**ASSIGNED TASK**
Every line of the data below must be output exactly, with images left out.
***** INFORMATION SUPPLIED
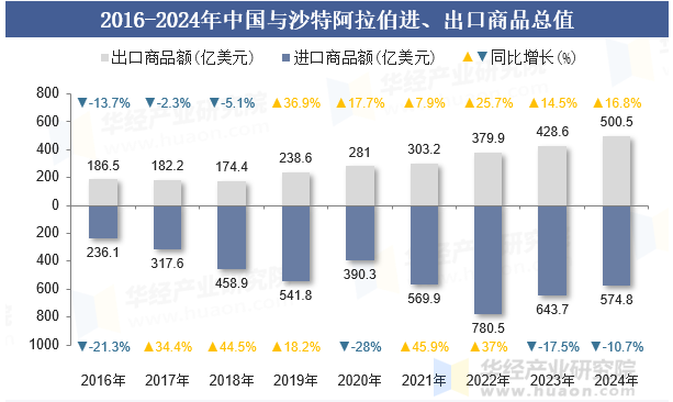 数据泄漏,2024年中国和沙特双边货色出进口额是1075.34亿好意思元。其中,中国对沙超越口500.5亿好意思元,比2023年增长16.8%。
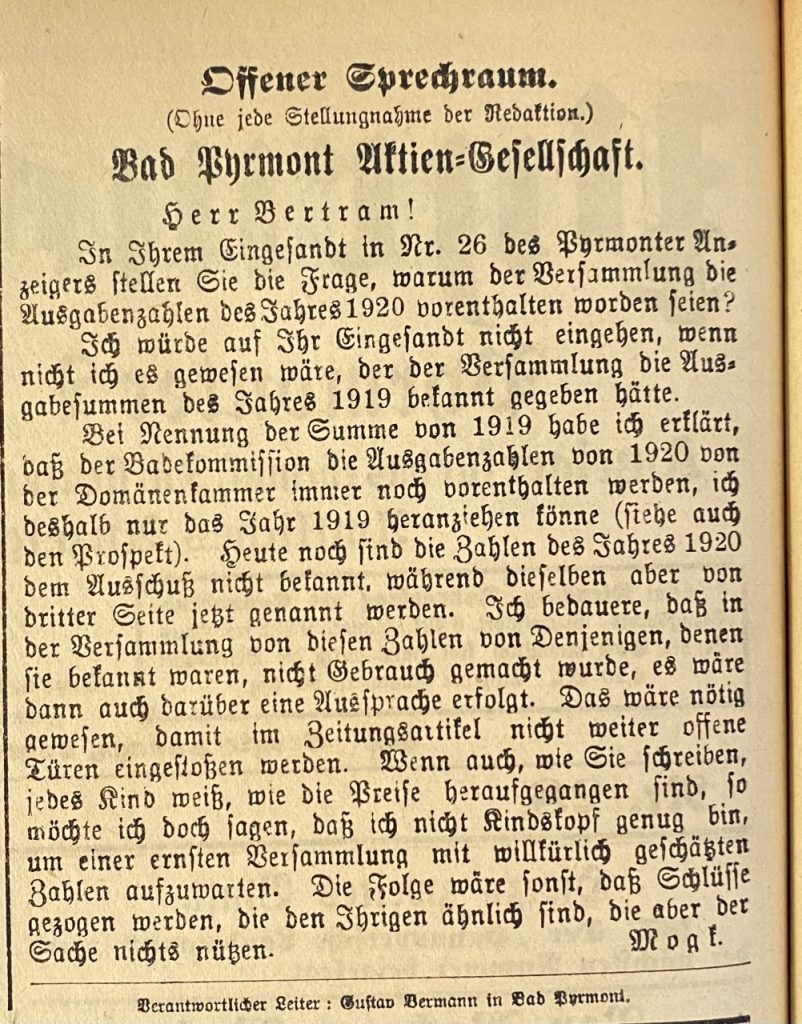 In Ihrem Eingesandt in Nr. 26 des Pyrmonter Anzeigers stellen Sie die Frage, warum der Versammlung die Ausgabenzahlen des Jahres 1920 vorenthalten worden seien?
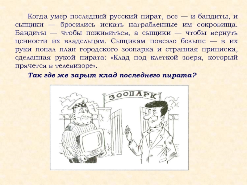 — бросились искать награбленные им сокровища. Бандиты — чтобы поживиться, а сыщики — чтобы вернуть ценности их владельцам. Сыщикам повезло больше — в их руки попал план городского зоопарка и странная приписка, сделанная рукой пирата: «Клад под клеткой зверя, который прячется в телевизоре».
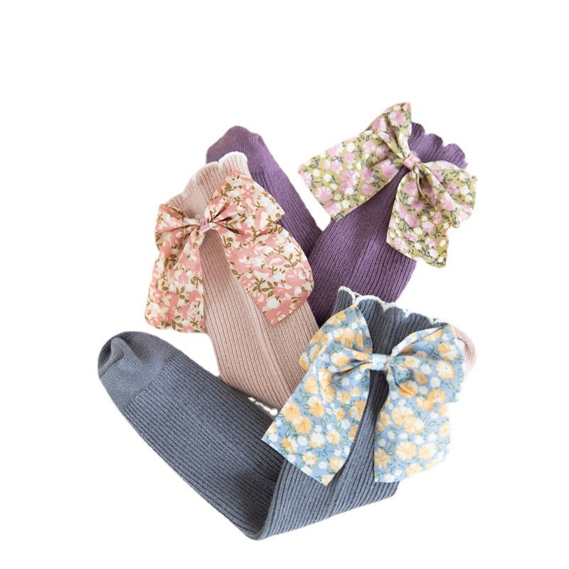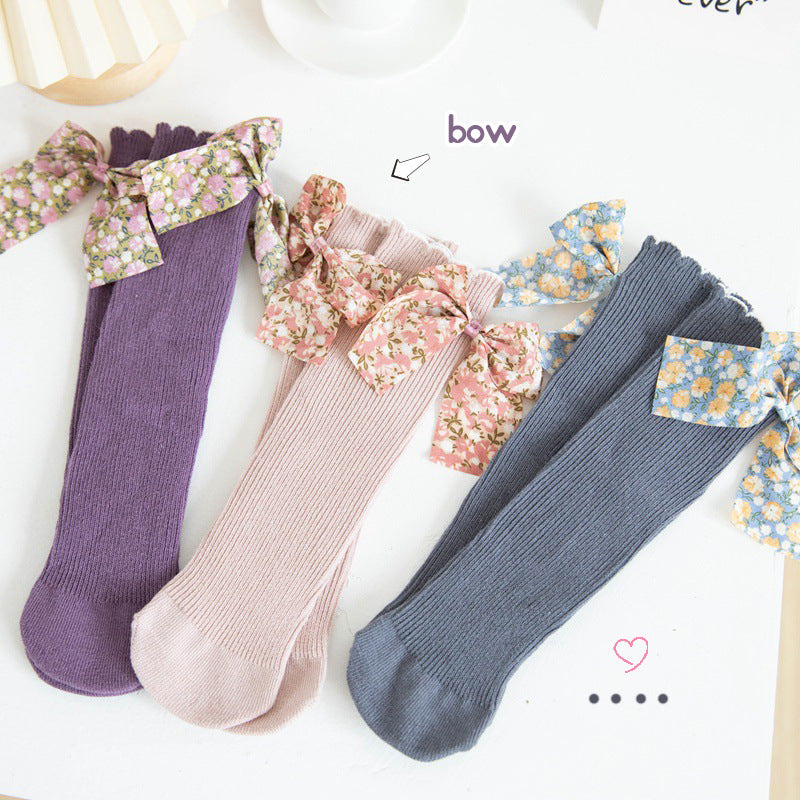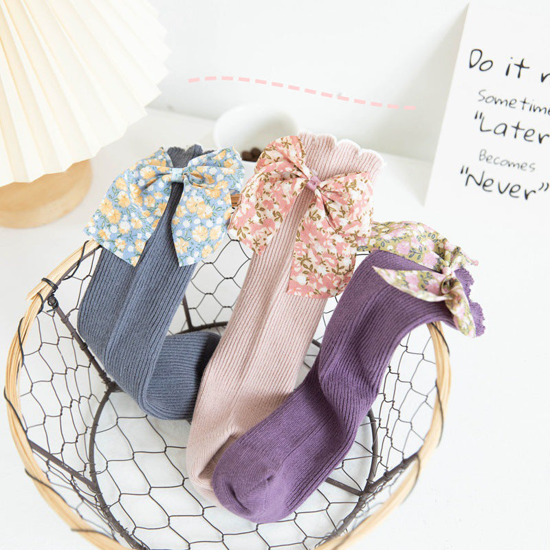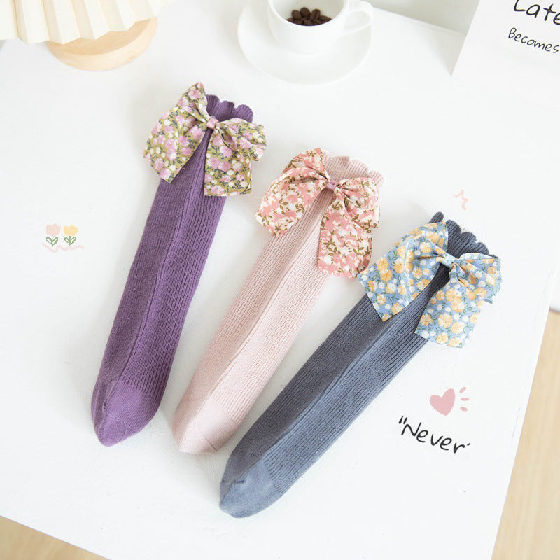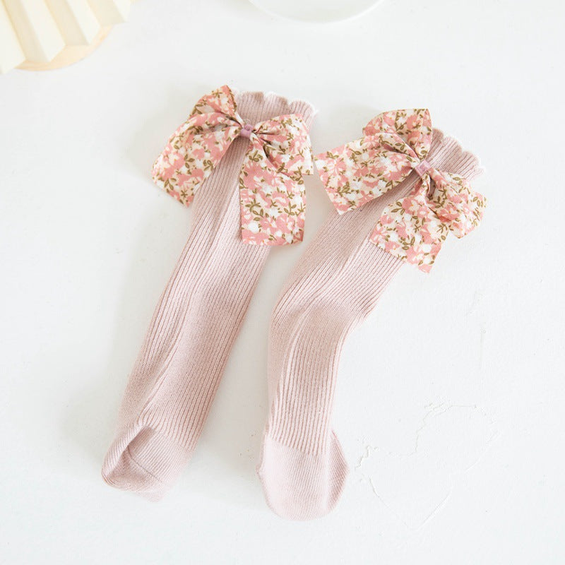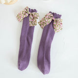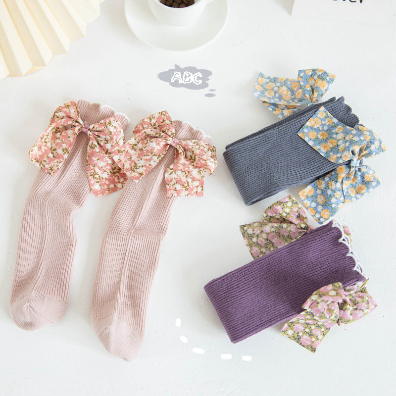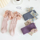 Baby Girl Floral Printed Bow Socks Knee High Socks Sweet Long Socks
**********
**TASK RESPONSE**
 数据泄漏,2024年中国和沙特双边货色出进口额是1075.34亿好意思元。其中,中国对沙超越口500.5亿好意思元,比2023年增长16.8%。
 In Ihrem Eingesandt in Nr. 26 des Pyrmonter Anzeigers stellen Sie die Frage, warum der Versammlung die Ausgabenzahlen des Jahres 1920 vorenthalten worden seien?
 — бросились искать награбленные им сокровища. Бандиты — чтобы поживиться, а сыщики — чтобы вернуть ценности их владельцам. Сыщикам повезло больше — в их руки попал план городского зоопарка и странная приписка, сделанная рукой пирата: «Клад под клеткой зверя, который прячется в телевизоре».
 Baby Girl Floral Printed Bow Socks Knee High Socks Sweet Long Socks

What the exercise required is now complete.